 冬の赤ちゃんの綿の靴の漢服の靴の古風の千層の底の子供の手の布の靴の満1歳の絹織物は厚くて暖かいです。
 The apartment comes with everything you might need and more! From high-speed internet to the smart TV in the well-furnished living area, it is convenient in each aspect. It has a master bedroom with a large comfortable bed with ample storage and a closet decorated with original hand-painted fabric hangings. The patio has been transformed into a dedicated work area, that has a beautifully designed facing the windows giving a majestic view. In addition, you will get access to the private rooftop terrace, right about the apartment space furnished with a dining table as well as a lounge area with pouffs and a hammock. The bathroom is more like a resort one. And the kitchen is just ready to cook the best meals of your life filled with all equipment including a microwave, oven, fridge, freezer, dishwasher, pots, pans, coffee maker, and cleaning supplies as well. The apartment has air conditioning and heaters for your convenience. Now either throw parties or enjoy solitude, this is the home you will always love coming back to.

...

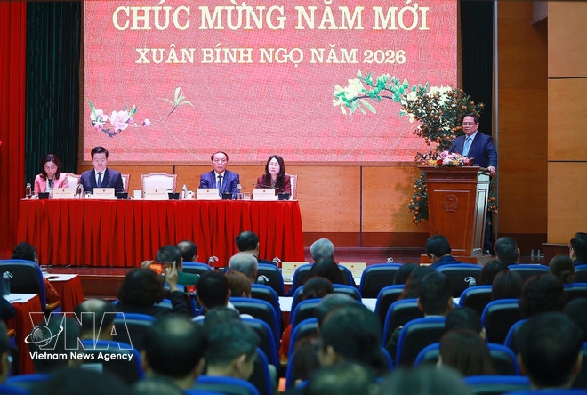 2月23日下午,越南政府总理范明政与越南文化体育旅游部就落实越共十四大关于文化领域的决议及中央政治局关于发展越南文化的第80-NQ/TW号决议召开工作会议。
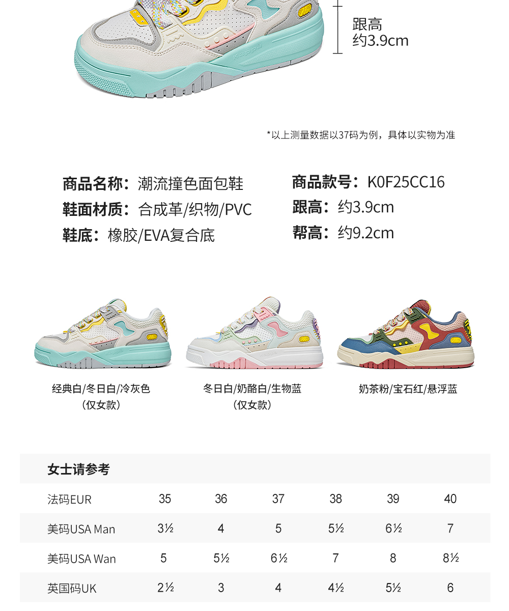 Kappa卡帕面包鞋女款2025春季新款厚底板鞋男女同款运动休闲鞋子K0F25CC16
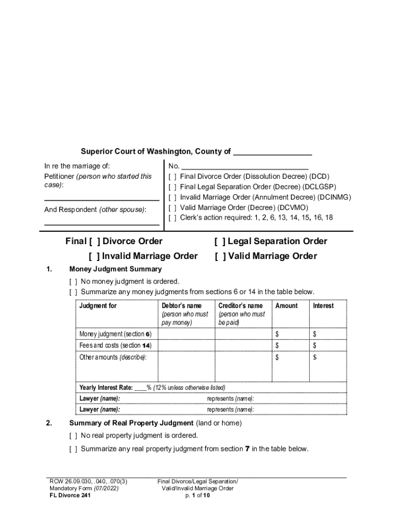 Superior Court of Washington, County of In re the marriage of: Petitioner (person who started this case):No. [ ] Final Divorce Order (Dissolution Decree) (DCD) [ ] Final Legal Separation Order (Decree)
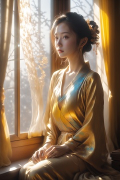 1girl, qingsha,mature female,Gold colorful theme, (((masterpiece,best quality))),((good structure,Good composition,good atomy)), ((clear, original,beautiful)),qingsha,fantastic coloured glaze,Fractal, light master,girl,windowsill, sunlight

* * *

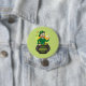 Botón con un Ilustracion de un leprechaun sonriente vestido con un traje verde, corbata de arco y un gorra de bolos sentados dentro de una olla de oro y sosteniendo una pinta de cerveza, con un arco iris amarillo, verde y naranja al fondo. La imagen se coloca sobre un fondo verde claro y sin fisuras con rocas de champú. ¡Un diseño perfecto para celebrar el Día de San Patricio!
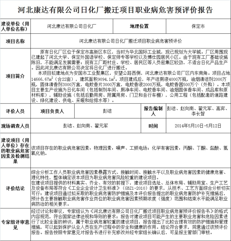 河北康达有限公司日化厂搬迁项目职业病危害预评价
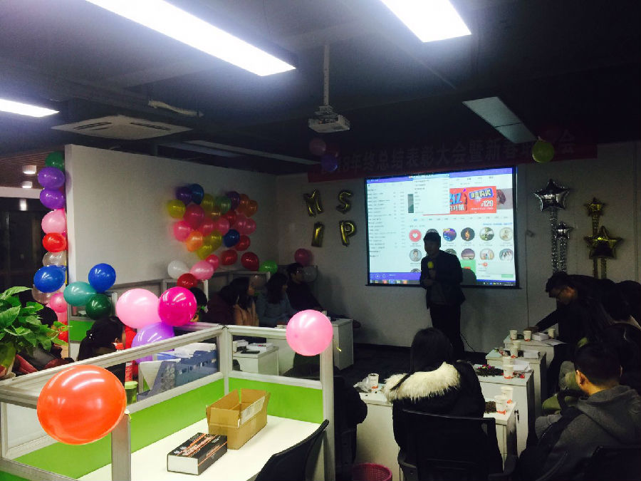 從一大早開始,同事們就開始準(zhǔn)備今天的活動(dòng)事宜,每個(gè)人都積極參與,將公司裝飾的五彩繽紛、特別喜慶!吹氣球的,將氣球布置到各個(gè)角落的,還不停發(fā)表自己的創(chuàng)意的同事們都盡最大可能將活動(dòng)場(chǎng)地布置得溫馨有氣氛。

-- Aim of the task --
With the pictures omitted, print the lines above exactly, beginning at the line with "2月23日下午,越南政府总理" and going on through the line with "1girl, qingsha,mature female,Gold".

-- Task output --
 2月23日下午,越南政府总理范明政与越南文化体育旅游部就落实越共十四大关于文化领域的决议及中央政治局关于发展越南文化的第80-NQ/TW号决议召开工作会议。
 Kappa卡帕面包鞋女款2025春季新款厚底板鞋男女同款运动休闲鞋子K0F25CC16
 Superior Court of Washington, County of In re the marriage of: Petitioner (person who started this case):No. [ ] Final Divorce Order (Dissolution Decree) (DCD) [ ] Final Legal Separation Order (Decree)
 1girl, qingsha,mature female,Gold colorful theme, (((masterpiece,best quality))),((good structure,Good composition,good atomy)), ((clear, original,beautiful)),qingsha,fantastic coloured glaze,Fractal, light master,girl,windowsill, sunlight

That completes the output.